GENEAcore provides users with the options of running a bin file summary to check the contents and integrity of the bin file.
It is advisable to perform an overview summary of the bin files in
your folder to ensure they are suitable for processing. Review the
errors generated in the summary and remove any files that are not
appropriate to run before proceeding with a full
geneacore() run. Additionally, use this process to identify
and eliminate any duplicate files (e.g., identical files with different
binfile names).
To generate a summary for a single file, specify only the file path as the input parameter.
# Run summary for a single bin file
binfile_summary <- binfile_summary("C:/path/to/binfile.bin")
To create a summary for a folder of files, provide the folder path as
the input parameter. This will generate a single summary for all bin
files in the folder, including those in subfolders. If you want to
exclude bin files in subfolders, use the optional parameter
recursive = FALSE. By default, recursive is
set to TRUE.
The summary is assigned to the variable name you have provided. You can then save the data frame to a CSV or RDS as required.

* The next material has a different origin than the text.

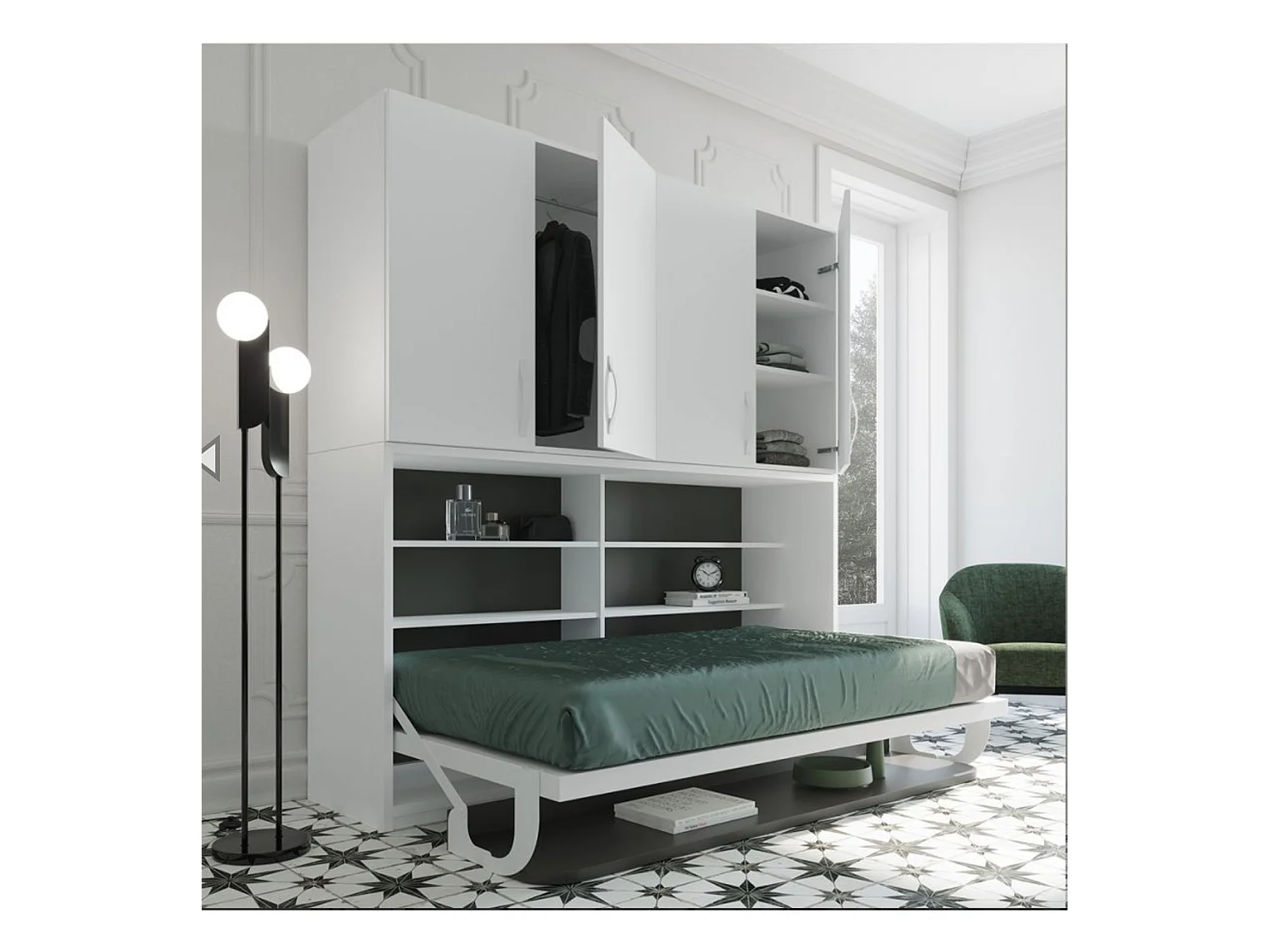 Lit escamotable horizontal blanc Bounto 85x185 avec rangement et bibliothèque composition C-1 matelas 85x185
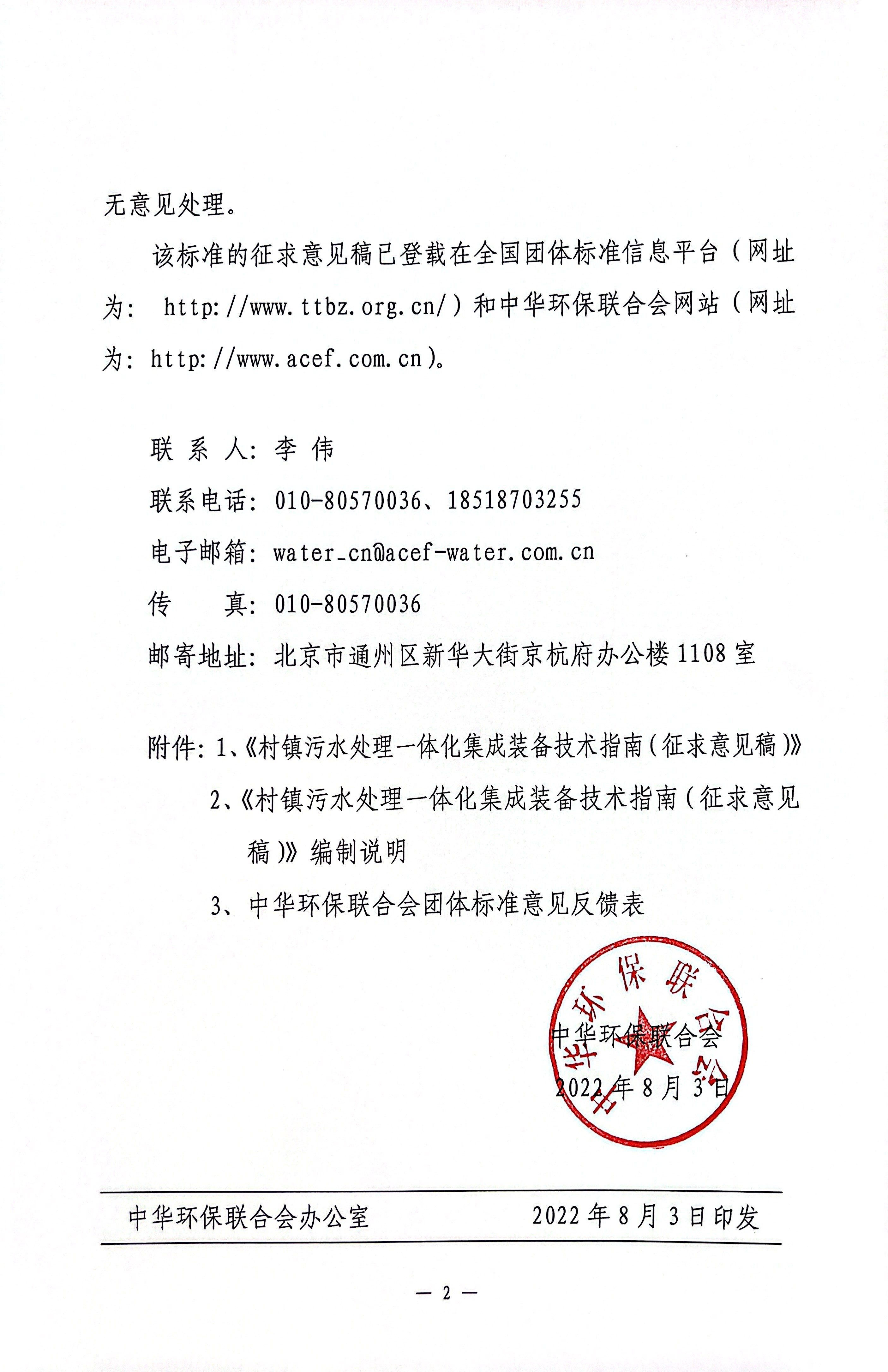 关于《村镇污水处理一体化集成装备技术指南》 团体标准征求意见的函

# Run summary for all bin files in bin files folder only
binfile_folder_summary <- binfile_summary("C:/path/to/binfilesfolder", recursive = FALSE)
Note: ConfigTimeISO and ExtractTimeISO appear to be in GMT, but are actually recorded in local PC time with no timezone conversion. Similarly, ConfigTimeUTC and ExtractTimeUTC stored in the MPI are not true UTC values, they are local PC time represented as Unix timestamps.
After a complete MPI run (e.g., geneacore_part1()), you
might want to look at a comprehensive summary of your files that include
the non-movement information. To do this, the summary must be generated
from MPI RDS files instead of bin files.
To generate a summary for a single MPI file, specify the file path as the input parameter.
# Run summary for single MPI file
mpi_summary <- MPI_summary("C:/path/to/MPI.rds")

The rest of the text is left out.